Lectio Divina is a Latin term that is used to describe an ancient Christian practice of reading the Bible. It actually means “spiritual reading”. It is different from our usual linear and intellectual approach to reading scripture in that we listen for the Spirit’s revelation in the verse rather than relying on our own intellectual understanding of it.
Some liken the practice to enjoying a meal. It involves four movements:
Before you begin, find a quiet place that is comfortable. Take time to turn off anything that might interrupt your time with God.
1. We take a little bite… the Latin term for this is Lectio… we read the word out in silence or out loud and simply listen to what it says… noticing what words or phrases seem to grab our attention. We repeat this slowly several times, each time taking care to notice the words that the Holy Spirit seems to be highlighting for us. It can be helpful to write some of these words or phrases down to ponder.
2. We chew on it… the Latin term for this is Meditatio… we take time to meditate on what the Spirit is showing us. This time, we only ponder the one word or phrase that has captured our attention. We open ourselves to what the Spirit might be saying through the one word or phrase to us. We ask ourselves what God’s invitation to us might be.
3. We savor it… the Latin term for this is Oratorio. This is somewhat like a quiet dialog with God. We take time to thank God for what the Spirit is revealing to us. We open new areas of ourselves and our hearts to God’s presence and we listen for God’s affirming words to us.
4. We digest it… the Latin term for this is contemplatio. We contemplate this internally for the rest of the day. As God’s words sink deeper within us, we grow. We experience the nourishing presence of God with us throughout the day.
How you can use this practice:
As an individual, if you are just starting… Pick your favorite Psalm and engage with it in the way that is explained above. If you do not have a Psalm in mind use Psalm 1, 46 or 23.

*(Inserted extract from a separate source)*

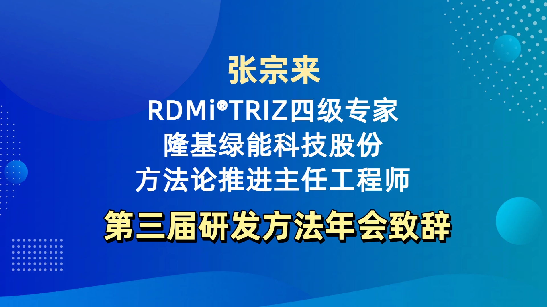 张宗来 第三届研发方法年会致辞

As a group… Pick a Gospel story or a parable. Any one will do. You may want to try this after you share a meal together, get together for a group activity or after you sit down together to watch TV at night but before you actually turn on the TV. Decide on one person who will read the passage out loud. Follow the four movements described above. Some may find it helpful to say the one word or phrase the touches them out loud to the group. Allow for that if it seems right. Listen to what God might be saying to the group. You may want to read the passage a second or third time in a similar way. When it seems time to be done say, “Amen.” Your done. If you desire to have conversation about God might be saying to you as a group feel free to talk about that or just move on to whatever is next on your activity list.